A travel grant was awarded to Kate Bennett of CMJAH and Wits Donald Gordon Medical Centre to attend the 49th Congress of the International Society of Paediatric Oncology (SIOP) in Washington from 12 to 15 October 2017 to present a poster.

Abstract

Differential Survival Rates in State Funded and Privately Funded Paediatric Oncology Units in Johannesburg, South Africa

Introduction
Data on survival rates of children with cancer is only available from two South African centres. The reported rate of 52% is far lower than that reported in similar upper-middle income settings in South America and Eastern Europe. The aim of this study was to analyze survival rates of all children with cancer treated in two large referral centres in both the state and private setting.

Methods
This retrospective review included all children, (0-15 years) diagnosed with a malignancy at two paediatric oncology units between January 2012 and December 2016. The treatment regimens in both units were identical, the same doctors worked in both settings and all diagnoses were confirmed histologically. Descriptive statistics and Kaplan-Meier analyses with Cox regression modeling are presented.

Results
There were 599 children, 107 of whom presented from outside South Africa. Median follow up was 1.3 years (IQR 0.4 to 2.7). The most common cancers were leukaemias (24.4%), brain tumours (17.7%) and lymphomas (14%).
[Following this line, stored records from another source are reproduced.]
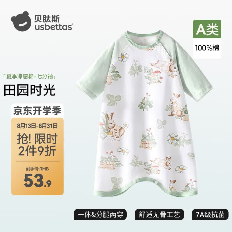 贝肽斯婴儿衣服夏季儿童七分袖连体睡衣男女宝宝空调房可穿防踢被 田园时光 80 cm【适用身高75-85cm】
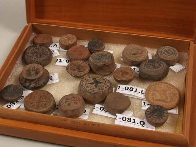 A series of nineteen stamped disk, each one different, in a wooden box. A. discription of backgronund and illustrations of some of the disks is contained in H.R.A. Muller 1978: Javanes Terracottas , secdtion VI Änalogie between Northern Chines and Majapahit Terracottas"at pp. 48-52. Individual disks marked A to S aAre briefly described overleaf: A:-D.. 2,3 cm, with an elephant, cf.pl.92 p.49 in Muller; B:-D. 2,2 cm, with a nut-cuuter, cf.pl.92 p.49 in Muller C:-D. 2,4 cm, with a hatted man, cf.pl.92 p.49 in Muller D:-D. 3,2 cm, with chain links, cf.pl.93 p.49 in Muller; E:-D 3,4 cm., with animal and vegetal motifs in pairs, cf.pl.93 p.49 in Muller; F.-D. 2,7 cm with fishes and a hook, cf.pl.94 p.49 in Muller; G.-D. 3,5 cm, wiht a tree, cf.pl94 p.49 in Muller; H.-D. 3,4 cm, with figures cf.pl94 p.49 in Muller; I.-D. 3,7 cm, with old Javanes scripts, cf. pl.95B p50 in Muller; J.-D. 3,0 cm with a ddeity, cf. pl.96 p.50 in Muller; K. -D. 3,7 cm, with a bird., cf. pl.96 p.50 in Muller; L.-D. 2,7 cm, with a horse, cf. pl.96 p.50 in Muller; M.-D. 4,0 cm, with a shiningha, .pl.97 p.51 in Muller; N.-B. 3,4 cm, with a tree in fruit; O.-D. 2,7 cm, with figures (that one is scarred); P.-D.... (Nederlands)
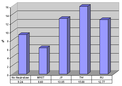 without MW radiation protective devices (neutralizers). The mean values are statistically
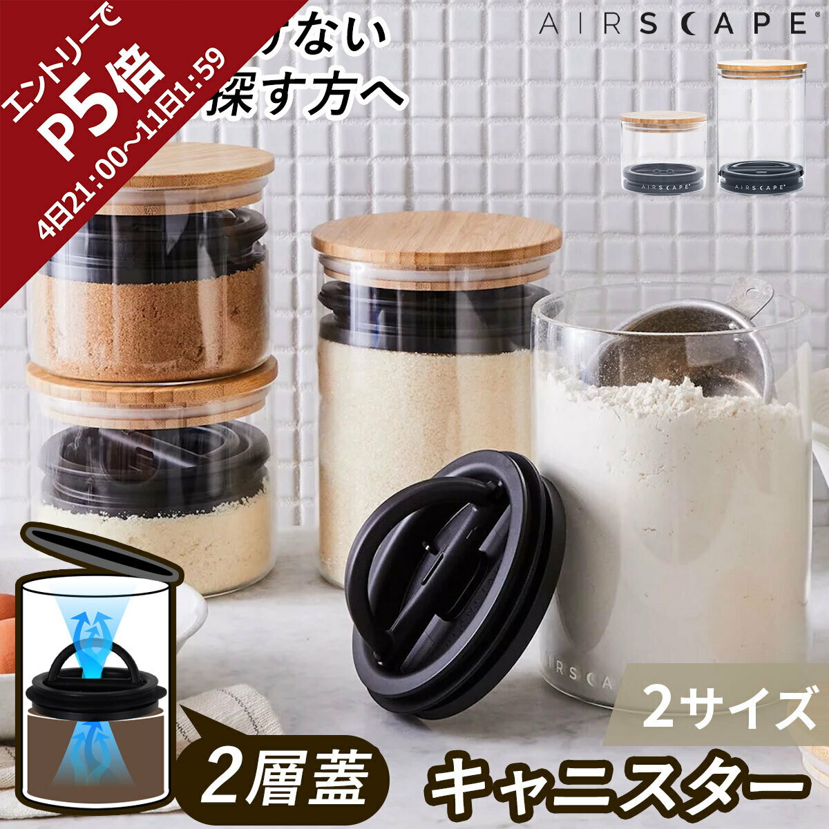 ★15%OFFクーポン 12/4〜12/11★保存容器 ガラス 密閉 キャニスター コーヒー 粉 保存 容器 密閉保存 コーヒーキャニスター ガラス 密封容器 茶葉 コーヒー豆 正規品 食品保存 ケース お米保存 クリア 透明 2層構造蓋 密閉容器 エアスケープ 【1204OT】

The HIV incidence was 6%. Two-year overall survival was calculated to be 60%. The highest survival rates were in children with Hodgkin Lymphoma, retinoblastoma and nephroblastoma, while the lowest were noted in children with osteogenic sarcoma and neuroblastoma. Children treated at the private institution had higher two-year survival rates than those in the state funded hospital (68% vs 55% p=0.0004).

Conclusion
Two-year overall survival rates were higher for children treated in the privately funded unit. This may reflect differential access to specialist care and earlier referral in the private setting.